• WORK REQUIRED:
Return the following from the records below: each line, word for word, starting with the line that contains "Kyle had a heck" and going on through the line that contains "为了使广大师生熟练使用身边的", with nothing outside that range.

• RECORDS SUPPLIED:
#####
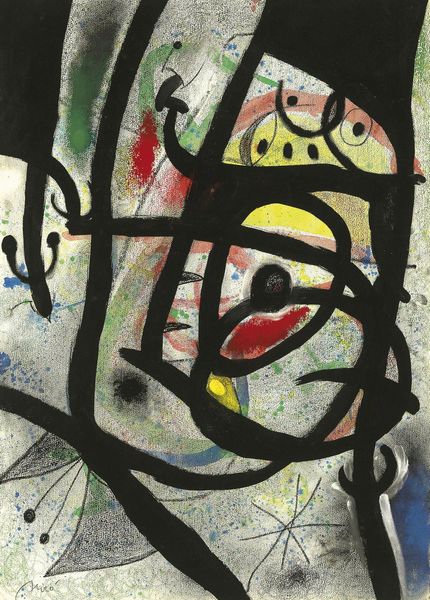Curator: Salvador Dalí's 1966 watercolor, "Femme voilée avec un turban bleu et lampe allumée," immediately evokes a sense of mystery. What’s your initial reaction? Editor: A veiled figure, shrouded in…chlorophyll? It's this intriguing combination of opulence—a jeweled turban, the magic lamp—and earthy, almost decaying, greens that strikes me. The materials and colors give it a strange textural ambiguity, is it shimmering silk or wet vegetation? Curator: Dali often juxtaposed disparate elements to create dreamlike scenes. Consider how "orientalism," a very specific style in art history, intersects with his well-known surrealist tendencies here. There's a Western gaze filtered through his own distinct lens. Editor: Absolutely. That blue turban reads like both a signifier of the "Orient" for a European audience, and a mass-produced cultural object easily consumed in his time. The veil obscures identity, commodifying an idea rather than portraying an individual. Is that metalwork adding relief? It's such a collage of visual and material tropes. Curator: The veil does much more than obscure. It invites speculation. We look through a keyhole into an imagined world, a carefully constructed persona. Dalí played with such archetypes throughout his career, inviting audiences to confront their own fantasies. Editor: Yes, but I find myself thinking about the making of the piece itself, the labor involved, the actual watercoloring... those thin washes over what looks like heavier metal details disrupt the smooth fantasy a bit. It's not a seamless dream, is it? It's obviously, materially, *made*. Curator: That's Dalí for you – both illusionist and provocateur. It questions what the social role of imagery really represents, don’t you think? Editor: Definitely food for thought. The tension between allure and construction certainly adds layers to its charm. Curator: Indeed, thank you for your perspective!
#####
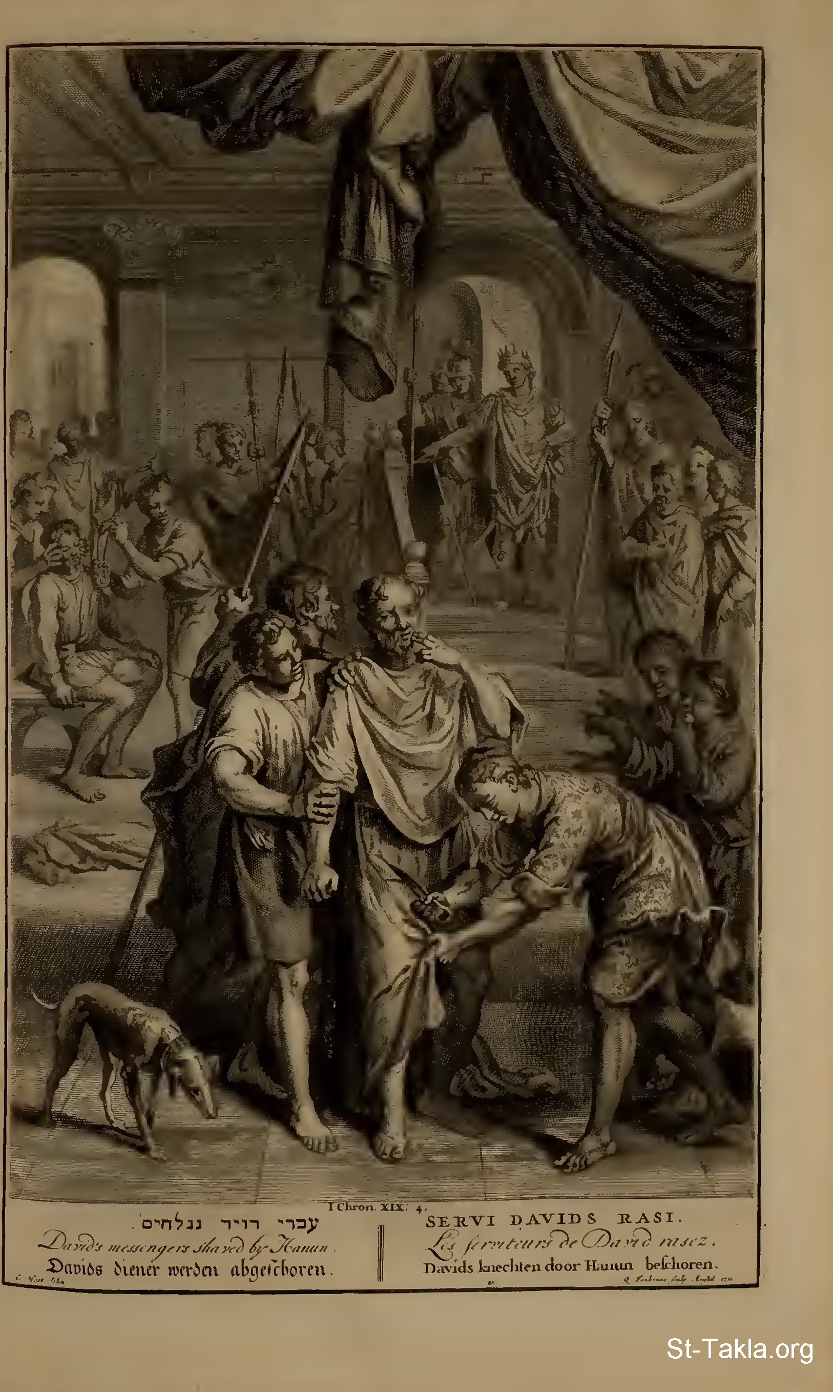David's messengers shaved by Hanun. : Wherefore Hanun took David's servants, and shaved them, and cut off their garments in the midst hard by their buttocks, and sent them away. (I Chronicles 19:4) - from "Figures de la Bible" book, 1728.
#####
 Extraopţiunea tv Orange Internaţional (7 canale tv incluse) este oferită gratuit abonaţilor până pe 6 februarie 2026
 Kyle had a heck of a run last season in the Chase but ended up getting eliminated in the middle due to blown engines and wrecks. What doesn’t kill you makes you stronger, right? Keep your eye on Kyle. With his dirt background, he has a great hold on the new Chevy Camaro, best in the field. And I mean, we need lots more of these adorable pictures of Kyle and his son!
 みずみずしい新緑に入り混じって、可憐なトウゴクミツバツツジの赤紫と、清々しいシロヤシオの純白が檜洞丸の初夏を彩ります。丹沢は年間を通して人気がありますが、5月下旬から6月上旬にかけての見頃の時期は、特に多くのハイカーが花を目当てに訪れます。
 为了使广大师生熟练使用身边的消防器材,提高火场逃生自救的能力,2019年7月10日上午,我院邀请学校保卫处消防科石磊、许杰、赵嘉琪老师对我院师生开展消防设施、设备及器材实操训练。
#####
• ANSWER FOR THIS EXERCISE:
 Kyle had a heck of a run last season in the Chase but ended up getting eliminated in the middle due to blown engines and wrecks. What doesn’t kill you makes you stronger, right? Keep your eye on Kyle. With his dirt background, he has a great hold on the new Chevy Camaro, best in the field. And I mean, we need lots more of these adorable pictures of Kyle and his son!
 みずみずしい新緑に入り混じって、可憐なトウゴクミツバツツジの赤紫と、清々しいシロヤシオの純白が檜洞丸の初夏を彩ります。丹沢は年間を通して人気がありますが、5月下旬から6月上旬にかけての見頃の時期は、特に多くのハイカーが花を目当てに訪れます。
 为了使广大师生熟练使用身边的消防器材,提高火场逃生自救的能力,2019年7月10日上午,我院邀请学校保卫处消防科石磊、许杰、赵嘉琪老师对我院师生开展消防设施、设备及器材实操训练。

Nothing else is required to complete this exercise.